After I had arranged to buy a Home Depot refrigerator, the noise emanating from the clunk slacked off. And…lo! What do I find online but a page remarking that sometimes refrigerators buzz and rattle when they’re new, but that effect goes away. Hm.

Since the local crooks told AMEX they would not take a return or refund my money, I decided I should cancel the HD fridge. (Bad idea, BTW).

So now I get an email from AMEX going on about how I will owe them $1400 for the refrigerator. That’s fine, as long as it’s going to work.

And it does work: noisily.

BUT…in addition to that, they’ve also got the charge pending for the Home Depot refrigerator!

Forgodsake.

So yesterday I had to drive up there and argue with HD about that.
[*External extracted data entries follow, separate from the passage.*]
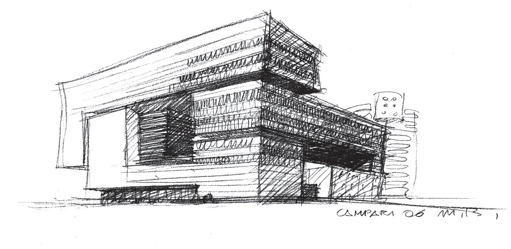 The building consists of nine above-ground floors totaling approximately 12,000 m2, including a 1,500 m2 2m2 lobby and a 1,000 m2 museum located within the historic building, as well as two underground floors totaling approximately 12,000 m2. The structure is entirely prefabricated. A series of concrete beams, pillars, and slabs was used for the underground floors. The above-ground floors consist of a block of nine floors and a mixed steel and prefabricated concrete central bridge structure, which is positioned at right angles and extends over the top of the existing historic industrial building. The covered plaza, constructed using prefabricated laminated structures, seamlessly transitions into the existing historic park, enhanced by the rooftop garden. The façades feature a “double skin” of glass and exposed terracotta, through the use of planks that, in addition to defining an aesthetic identity, have a sunshade function.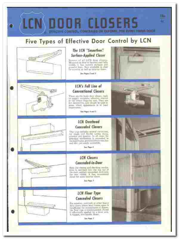 Products include LCN 'Smoothee' Surface-Applied Closer, LCN Conventional Closers, LCN Overhead Concealed Closers, LCN Closers Concealed-In-Door and the LCN Floor Type Concealed Closers, all are fully featured.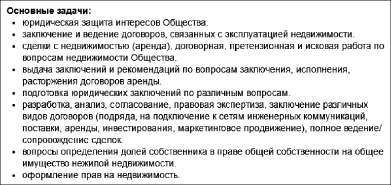 Приведу пример описания задач, способного заинтересовать кандидатов, для которых важны именно задачи. Вакансия «главный юрисконсульт» в крупной торговой компании.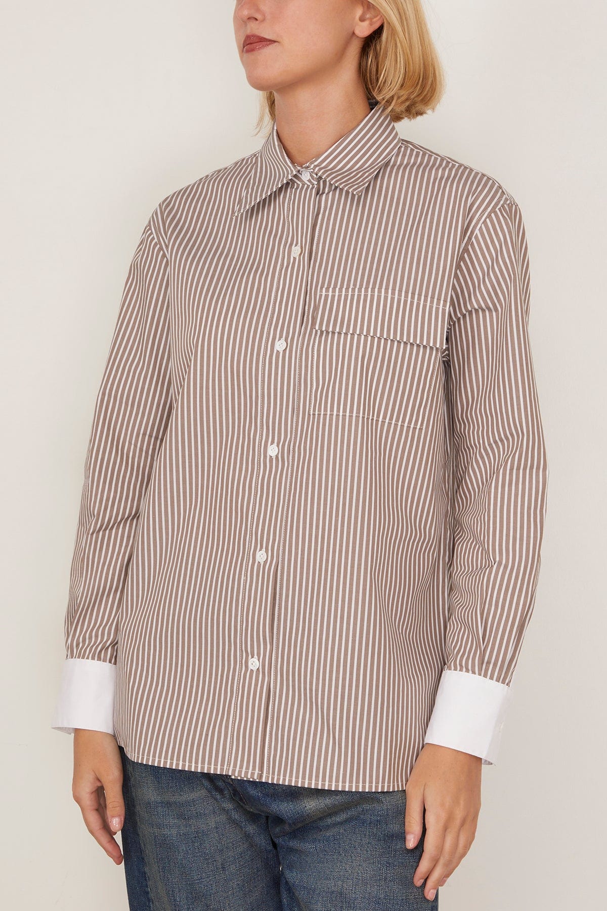 The WE-AR4 Haze Shirt takes it's inspiration from the 70's. This button down shirt has a relaxed, boxy silhouette with contrasting cuffs in upcycled cotton. Wear yours with jeans and loafers.

They supposedly canceled the charge.

This morning I get an email from Home Depot billing me $1400 for a new refrigerator.

GAAAWWWDAMMIT!!!  On the phone to American Express.

Calling AMEX involves a brain-banging run-around. You can’t get a person on the phone for love nor money. After what feels like half an hour of punching buttons and uttering words — I’ve found that SCREAMING REPRESENTATIVE!!!!!!! INTO THE PHONE does speed this process along, BTW — I get a person and explain the story. Their rep, who seems sane (how???), agrees that the charge will be voided.

So now here I am, sitting here in the family room listening to this fucking GE refrigerator humming to itself, occasionally still buzzing. If you go over and smack it, the noise stops — well, not the motor humming, but the damned crazy-making buzz.

And as if I didn’t have enough aggravation to fill the day, no doubt I really should go back up to HD and confirm that the refrigerator purchase really was voided.

Probably should have gone ahead with eating the $1400 bill for this thing, throwing it in the alley, and buying a new one. But…well…DAYUM!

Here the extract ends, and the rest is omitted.